Demikian pula dalam pengertian “qadim”, bagi kaum
teolog “qadim” mengandung arti sesuatu yang berwujud tanpa sebab, sedangkan
bagi kaum filsuf qadim tidak mesti mengandung arti hanya”sesuatu yang berwujud tanpa sebab”,
tetapi boleh juga bearti “sesuatu yang berwujud dengan sebab”. Dengan demikian,
qadim adalah sifat bagi sesuatu yang dalam kejadian kekal.[8]
c.
Kebangkitan
Jasmani
Menurut Ibnu Rusyd, Al-Ghozali dalam bukunya
“tahafut Al-Falasfa” menyatakan bahwa tidak ada ulama yang berpendapat bahwa
kebangkitan pada hari akhirat hanya bersifat rohani kebangkitan rohani, jadi
menurut Ibnu Rusyd tidak ada ijma (kesepakatan) ulama tentang kebangkitan
jasmani pada hari akhirat dan karena itu paham yang menyatakan kebangkitan di
akhirat hanya bersifat rohani saja, tidak dapat dikafirkan dengan alasan adanya
ijma
KESIMPULAN
Dari pembahsan diatas maka kita dapat menarik
kesimpulan bahwa Al-Ghazali membagi empat kelompok
manusia pencari kebenaran yaitu: pertama, kelompok mutakallimun (ahli teologi), Kedua, kelompok bathiniah, Ketiga, kelompok filsuf
(ahli pikir) dan Keempat, kelompok sufi.
Al-Ghazali
membedakan antara wahyu dengan ilham, disamping mengklasifikasikan ilmu kedalam jenis pengetahuan laduni. Ilmu laduni
adalah ilmu yang menjadi terbuka dalam rahasia hati tanpa sebab yang datang
dari luar.
Ibnu
Rusyd menegaskan bahwa antara agama (Islam) dan filsafat tidak ada
pertentangan. Karena Al-Qur’an memerintahkan manusia untuk mempelajari filsafat
karena manusia harus membuat spekulasi atas alam raya ini dan merenngkan
bermacam-macam kemaujudan. Sasaran agama secara filosofi, yakni agama berfungsi
sebagai penciptaan teori yang benar dan perbuatan yang benar (al-‘ilm al-haq wal-‘amal al-haqq).

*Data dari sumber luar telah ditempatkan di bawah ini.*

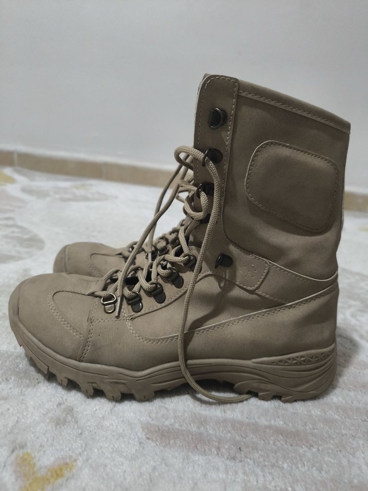 Bej süet malzemeden yapılmış, kemerli tasarıma sahip erkek outdoor botları. Rahat ve şık sokak stili için bağcıklı ve sağlam tabanlıdır.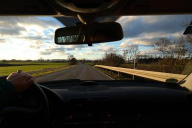 Keywords: road exit drive windshield trip tour more driver rear mirror landscape guard rail delineator posts hand steering wheel control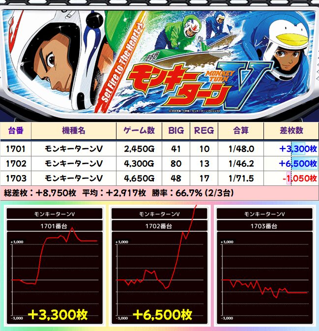 モンキーV:1701-1703 平均+2917枚

Dalam rangka menangkis sarangan Al-Ghazali terdapat
paham qadim-nya alam, Ibnu Rusyd mennegaskan bahwa paham qadim-nya alam itu
tidak bertentangan dengan ajaran Al-Qur’an
[1] H. Rus’an, Mutiara Ihjaa
‘Ulumuddin, (Jakarta: CV. Mulja,1964), hal.18
[2] Imam Ghazali, Keajaiban Hati, Terjemahan Nurhickmal,
(Jakart: Tinta Mas, 1965), hal.61
[3] Ali Issa Othman, The Concept of Man Islam in the writings of
Al-ghazali, manusia menurut Al-ghazali, penterjemah Johan Smit, Anas
Mahyudin, Yusuf, Cet.1 (Bandung: Pustaka –perpustakaan Salman ITB, 1981) hal.93
[4] QS. Al-Hasyr (59), ayat 2
[5] M.M Sarif, Para Filosof
Muslim, (Bandung:
Mizan), hlm. 204-205
[6] Taufik Yatuhl, Qishahtu Ash-Shira’ baina Ad-Din wa Al-Falsafah,
(Kairo: Dar An-Nahdhah Al-Arabiyah, 1979), Cetakan ketiga, hlm. 125-126.